Despite all their maneuvering, none of the Roy children ended up running Waystar Royco, the company their father started. Roman sat at a bar, smiling at his insignificance. Kendall watched the Hudson River, still unable to control forces of nature. And, after betraying her brothers, Shiv sat in the back of a car with her husband Tom, who had been named the empty suit successor to Logan Roy.
I really appreciated the ending. Aristotle says the ending of a tragedy should be necessary, it must be inevitable. The actions leading up to the ending define the ending itself such that there’s only one way it could go.
The Succession writers had set up the rules of the world and the ending didn’t bend them at all. Who was best or strongest (or worst) didn’t matter in the end. The structures of power depicted in the show are self-protecting, and reject chaos. Everything the Roys do, that happens during the show, ends up blips on the stock price. The season-long DOJ investigation into the a cruise line scandal peters out and ends in a settlement. The Roys even bet on the stasis of the system when they announced early the results of the election. They relied on the other news orgs following suit with their call; that the system would correct to keep chaos down.
When it came time for a successor to Logan Roy to be chosen, the kids were outside the system, pushing against it. The system chose stasis.
John Gardner, in The Art of Fiction, describes two ways a story can end: with resolution or repetition.

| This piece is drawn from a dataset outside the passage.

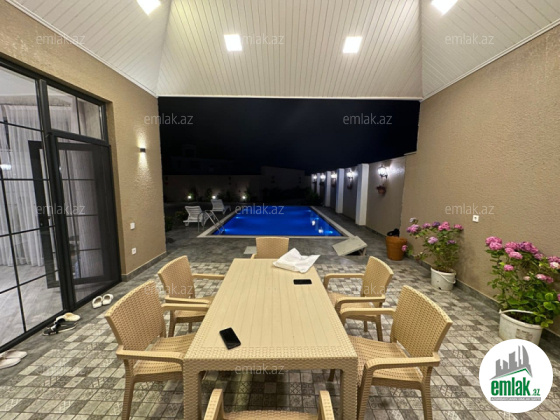 Həyət : Filterli daşma hovuz , 40 kv/m isti döşəmə söhbətgah, altında eyni həcmdə izolasiya olunmuş əşyaları yığmaq üçün otaq, 1 sanitar qovşaq, dekorativ ağaclar, 8 tonluq su anbarı, 20 tonluq şambo, jalüz darvaza, həyətın daşı - Vibrostone.

By definition-and of aesthetic necessity-a story contains profluence, a requirement best satisfied by a sequence of causally related events, a sequence that can end in only one of two ways: in resolution, when no further event can take place (the murderer has been caught and hanged, the diamond has been found and restored to its owner, the elusive lady has been captured and married), or in logical exhaustion, our recognition that we’ve reached the stage of infinite repetition; more events might follow, perhaps from now till Kingdom Come, but they will all express the same thing-for example, the character’s entrapment in empty ritual or some consistently wrong response to the pressures of his environment. Resolution is of course the classical and usually more satisfying conclusion; logical exhaustion satisfies us intellectually but often not emotionally, since it’s more pleasing to see things definitely achieved or thwarted than to be shown why they can never be either achieved or thwarted. Both achievement and failure give importance to the thing sought; we can feel about it as we feel about values.
Resolution is more satisfying. In Succession, there’s a sense that Roman gets resolution. He recognizes his situation is ‘bullshit.’ Kendall and Shiv, though, are doomed to repeat, and will continue to move and push against their situations.
But it’s repetition. The future sociopathic adventures of Kendall, Shiv and Tom are not part of the story of Succession.
The question of the show was answered, and that’s where we were left. It wasn’t satisfying, but it didn’t need to be. The tragedy of the Roy siblings was that they were only ever creatures of ambition.